Investments of corporations in contemporary art production should not be problematic, as young artists are thus offered a launching pad. The problem arises when there is more to these investments than just corporative bad consciousness as these corporations exploit society. Therefore they “return” or better regulate their tax policy with investing into society through art and culture; in most cases this leads to the already mentioned instrumentalisation of art production. Therefore, nowadays not only art production but also social responsibility has tuned into form, the empty rhetoric in which the exploitative nature of corporation is wrapped. This form necessitates the active participation of artists and art production that is suitable for trading. And if there is a small percentage of art production that aims to activate spaces in a political sense, for the majority of the production what really counts is what Marina Abramović already noticed in 1975, namely: “Art must be beautiful, the artist must be beautiful.”

 

1 Jacques Rancière, Hatred of Democracy, Verso 2006, p. 8.

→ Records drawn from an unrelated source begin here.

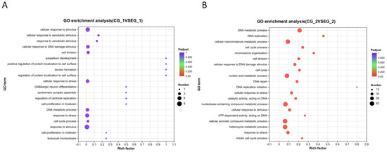 Grid gene family GO function enrichment bubble map. Note: (A). Grid2 GO functional enrichment bubble chart; (B). Grid1 GO functional enrichment bubble chart. The horizontal axis is the enrichment multiplicity, and the size of the dots represents the number of genes enriched for each function; the larger the dot, the greater the number of genes enriched above this GO entry, and the redder the dot, the more significant the corrected p-value.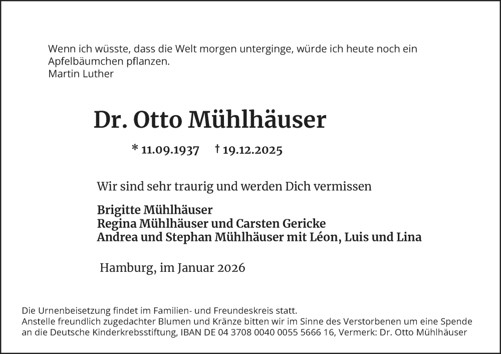 Hier finden Sie alle Traueranzeigen aus der Zeitung, die bisher für Otto Mühlhäuser erschienen sind. Weitere Traueranzeigen, die in der Zeitung erscheinen, werden hier ebenfalls aufgelistet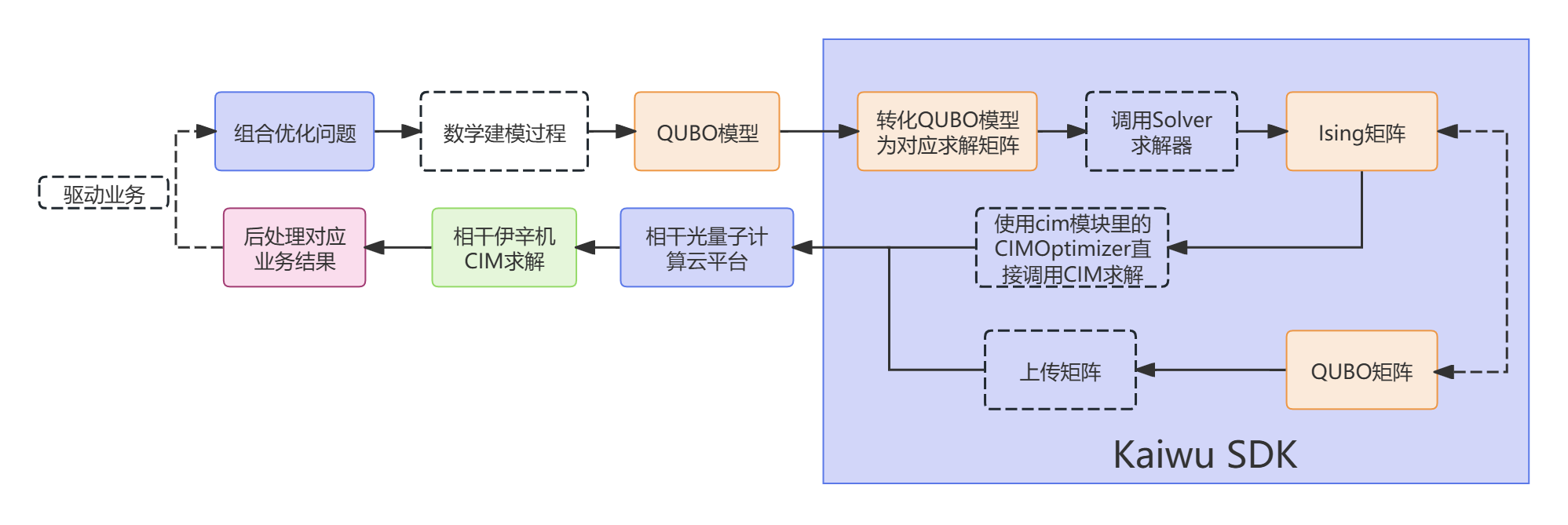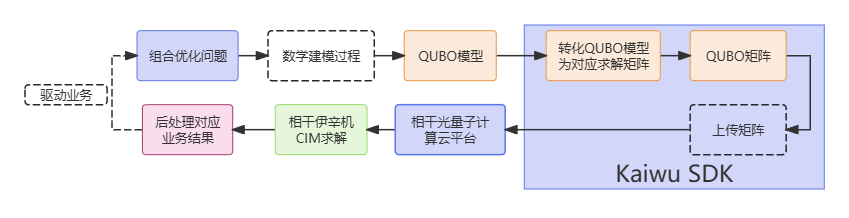 流程:安装调用Kaiwu SDK → QUBO Model → QUBO矩阵 → 云平台 → CIM求解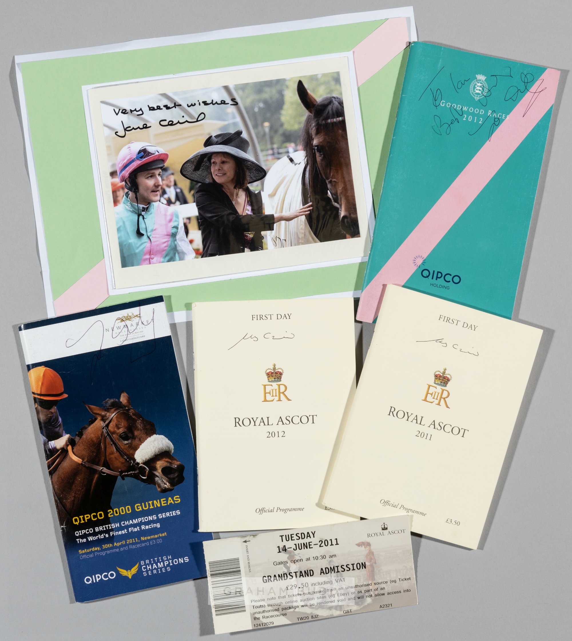 Memorabilia relating to the champion racehorse Frankel, including 2011 and 2012 Royal Ascot race cards, both signed by Sir Henry Cecil, 2000 guineas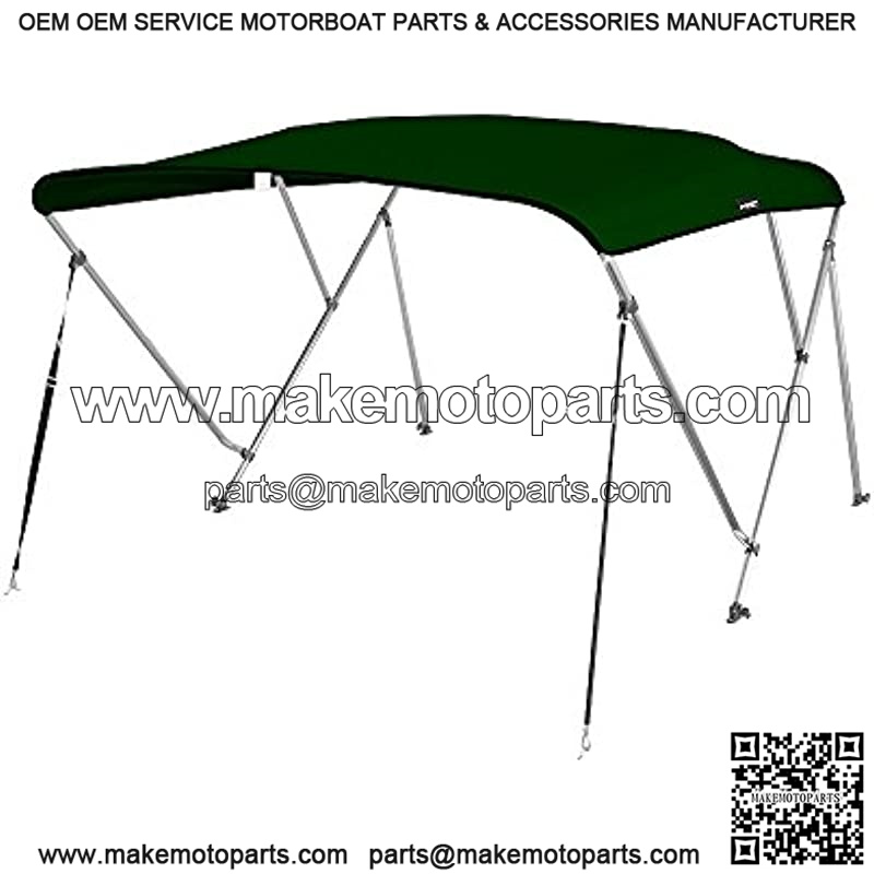 MSC 3 Bow 4 Bow Bimini Top Boat Cover with Rear Support Pole and Storage Boot (3 Bow 6’L x 46″ H x 54″-60″ W, Forest Green)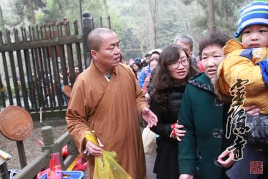 我寺监院衍空法师赞叹地向一游客竖起大拇指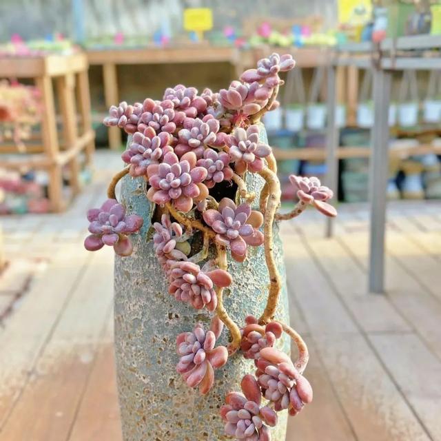 说到比较可爱的多肉植物,果冻乙女心绝对是不错的选择,其圆润可爱的叶子自带果冻色,叶子下部通常呈黄绿色,尖端带点绯红色,看起来宛如少女绯红的脸庞,可爱惹人爱。果冻乙女心虽然比较小巧,枝干也长得有点细,但是可以长成老桩状的,而且长得很坚韧,杆长型美,其叶子比较容易爆盆,如果你家里比较小,建议可以养一盆果冻乙女心。 4.紫乐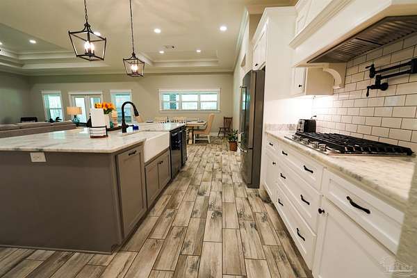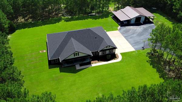 Priced $30,000 below its recent appraised value, offering an incredible opportunity for instant equity! Walnut Hill, Florida, life moves at just the right pace. The roads are lined with farmland and pine trees, neighbors wave when they pass, and Friday nights are for backyard cookouts and porch-sitting. At 8410 Hwy 97, you get all of that-and a home that takes small-town living to a whole new level. This isn't just another house in the country. It's a custom-built haven, unlike anything else in the area. Step inside, and you'll find a great room made for gathering-sunlight pouring through the windows, a cozy gas fireplace framed with built-ins, and views that stretch across your planted pines. The kitchen isn't just a kitchen-it's the heart of the home. With a gas stove, double oven, granite countertops, coffee bar, and a walk-in pantry that could make anyone jealous, it's the kind of space where big Sunday breakfasts and late-night conversations just happen naturally. The master suite is your own private retreat, complete with a luxury bath-clawfoot tub, walk-in shower, and a dream closet-and even a private door that opens to the back porch. There's a formal dining room for holiday dinners, a separate office for work or study, and storage everywhere you look. But the real magic? It's out back. A porch that runs the length of the home, with a gas fireplace, an outdoor kitchen, and plenty of room for long summer evenings with friends. Beyond that, the 30x40 barn with 20' lean-tos stands ready for your projects, hobbies, or equipment. Here, you're just 45 miles from the white sand beaches of Pensacola, 15 miles from I-65 and Wind Creek Casino. Close enough for convenience, far enough for the peace and space you've been craving. This is more than a home-it's a way of life. And in Walnut Hill, life's never been sweeter.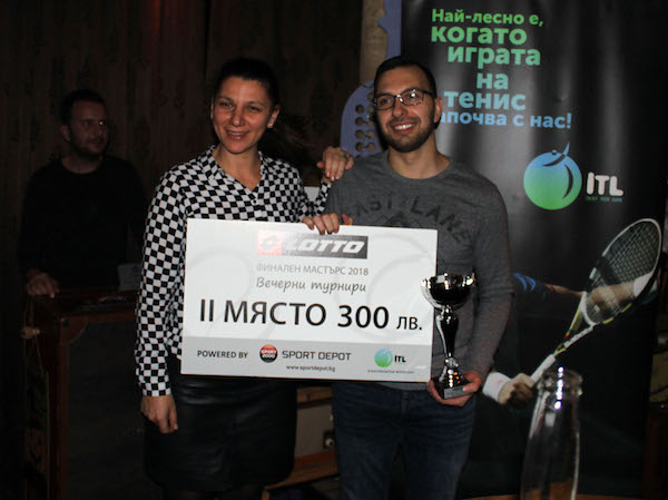 Мениджърът на Интерактив тенис Ивайло Цанков връчи плакети на победителите в традиционните за лигата категории. С приза за „изгряваща звезда на годината“ си тръгна Ивайло Боджаков. Специално отличие за постоянство получи Иван Бужев, който има зад гърба си 21 турнира в ИТЛ. Наградата „любовта ще спаси тениса“ взеха Цвети и Тео. Най-позитивните участници в лигата са Краси Ангелов и Искра Бочева. За най-дейно участие в организацията беше поощрена Мариана Грозданова. Дамите си тръгнаха с бутилка пенливо вино „Ботега“. Нашият Sportal.bg пък бе награден за принос в развитието на любителския тенис в страната.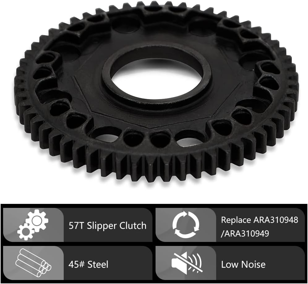 • 【57T Spur Gear Specification】Upgrade replace ARA310945 spur gear, 57-tooth (0.8 metric pitch, compatible with 32-pitch).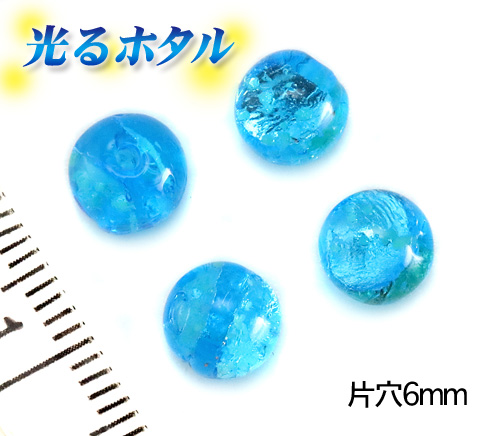 純銀箔入り 【蓄光ホタル片穴6mm】暗闇で光る蛍 6mm玉片穴 1個 マリンブルー 沖縄ホタルガラス ホタル石 蛍石 琉球ホタル 蜻蛉玉 トンボ玉 ビーズ 夜光 蓄光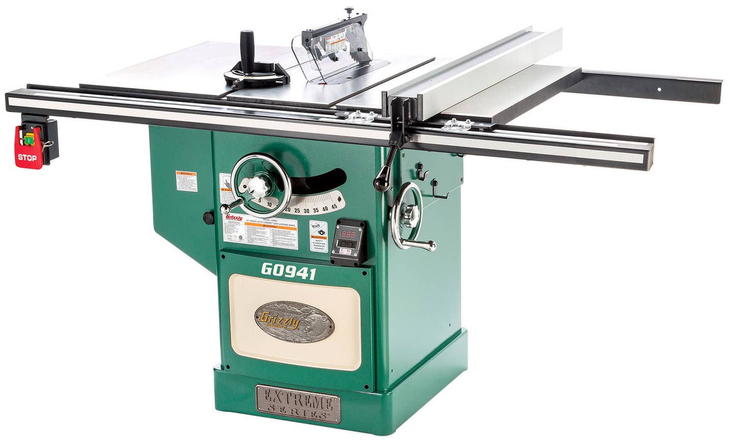 Grizzly Industrial has introduced its largest 10” free-standing cabinet saw without extension rails, model G0941, featuring a rip width of 36” to the right of the blade, 18” to the left, and a maximum cut depth of 3-3/16”.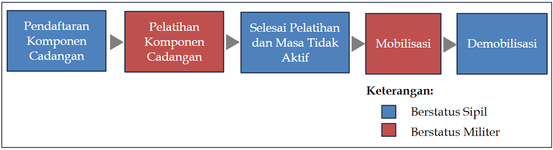 Bedanya, anggota komponen cadangan adalah prajurit paruh waktu[12]. Mereka hanya akan berstatus militer ketika mendapatkan pelatihan dan misi mobilisasi. Selebihnya, anggota Komponen Cadangan akan berstatus sipil.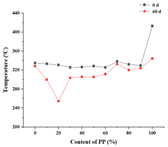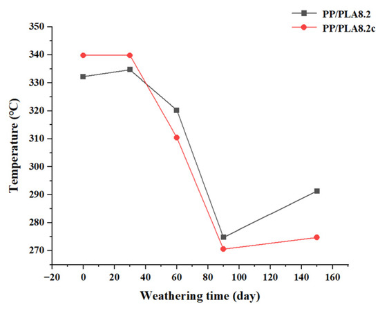 Ti values of PP/PLA8.2 and PP/PLA8.2c with weathering time are presented in Figure 11. The Ti value of the PP/PLA8.2 blend is 332.2 °C. The addition of the compatibilizers improves thermal stability up to 339.8 °C because of the improvement of compatibility. Perhaps because the compatibilizers begin degradation, the Ti value of the PP/PLA8.2c is lower than that of PP/PLA8.2 after 60 days.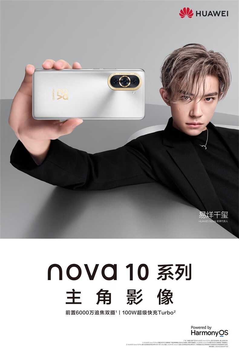 HUAWEI nova 10 【内置66W华为超级快充】 前置6000万超广角镜头 6.88mm轻薄机身 128GB 10号色 华为手机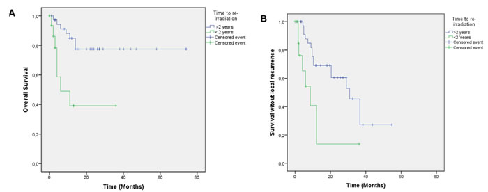 Figure 2 A: Overall survival according to time to re-irradiation. Footnote: > 2 years to re-irradiation (blue), < 2 years to re-irradiation (green), p = 0.001. B: Survival without local recurrence according to time to re-irradiation. Footnote: > 2 years to re-irradiation (blue), < 2 years to re-irradiation (green), p = 0.002.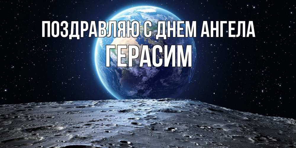 Открытка Поздравляю с днем Ангела Герасим. земля с луны. красивая космическая открытка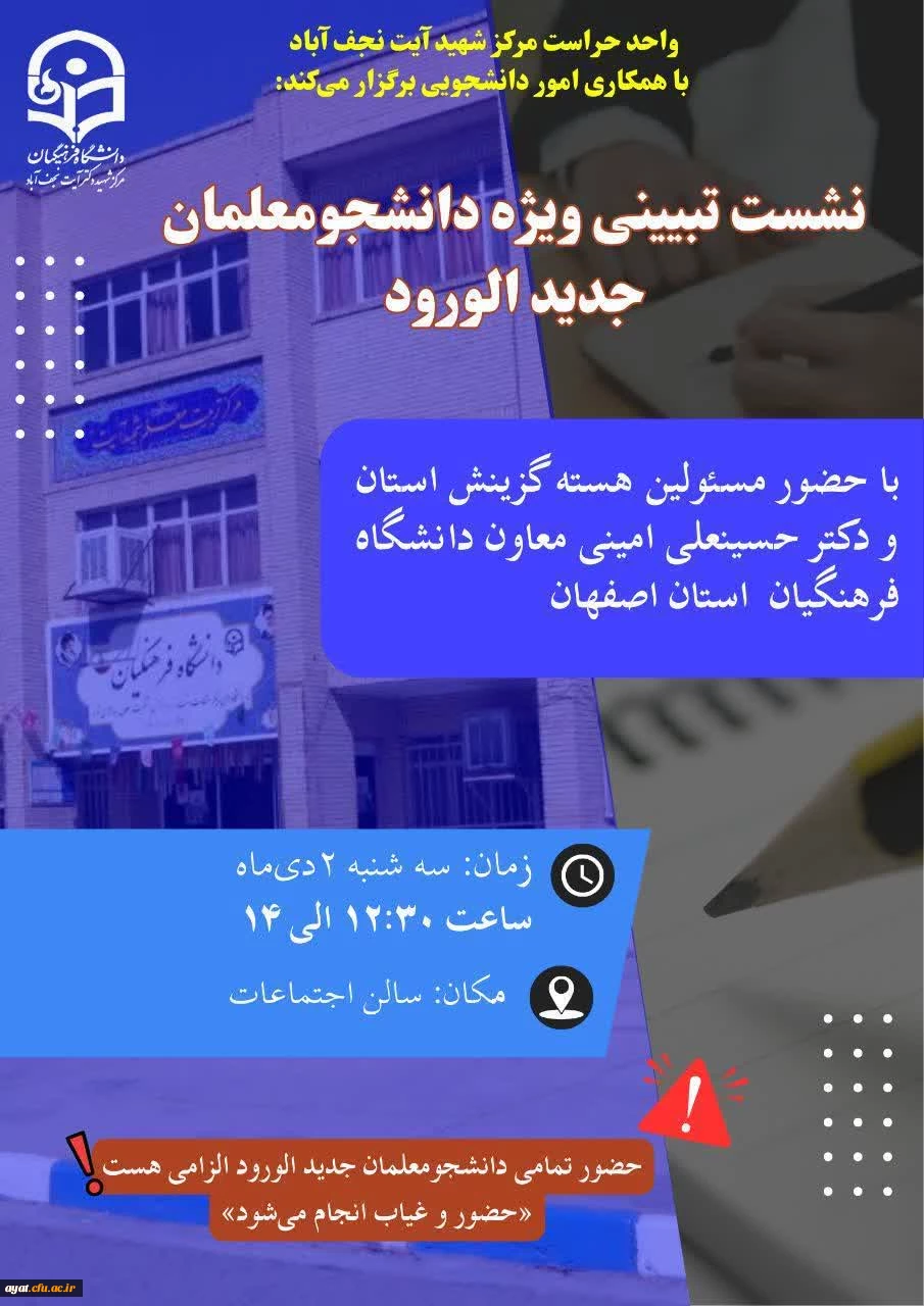 با حضور مسئولین هسته گزینش اصفهان و دکتر حسین علی امینی معاون دانشگاه فرهنگیان استان اصفهان زمان: سه شنبه ۲ دی ماه ساعت ۱۲:۳۰ الی ۱۴:۰۰ مکان سالن: اجتماعات
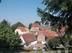 - Kirche, barock auf Grundmauern aus dem späten Mittelalter, 1935 auf Initiative des Freiherrn Tilo von Wilmowsky grundlegend saniert (Gedenktafel an der Kirche)

2 Giorgio Agamben, Movement, http://www.chtodelat.org/index.php?option=com_docman&task=cat_view&gid=162&Itemid=152

3 See Subhabrata Bobby Banarejee, “Corporate Social Responsibility: The Good, the Bad and the Ugly“ in Critical Sociology, 34(1), pp. 51–79.

 

Staš Kleindienst is an artist and a theoretician, post-graduate student at the Academy of Fine Arts and Design, Ljubljana.

Translated from Slovenian by Tanja Passoni.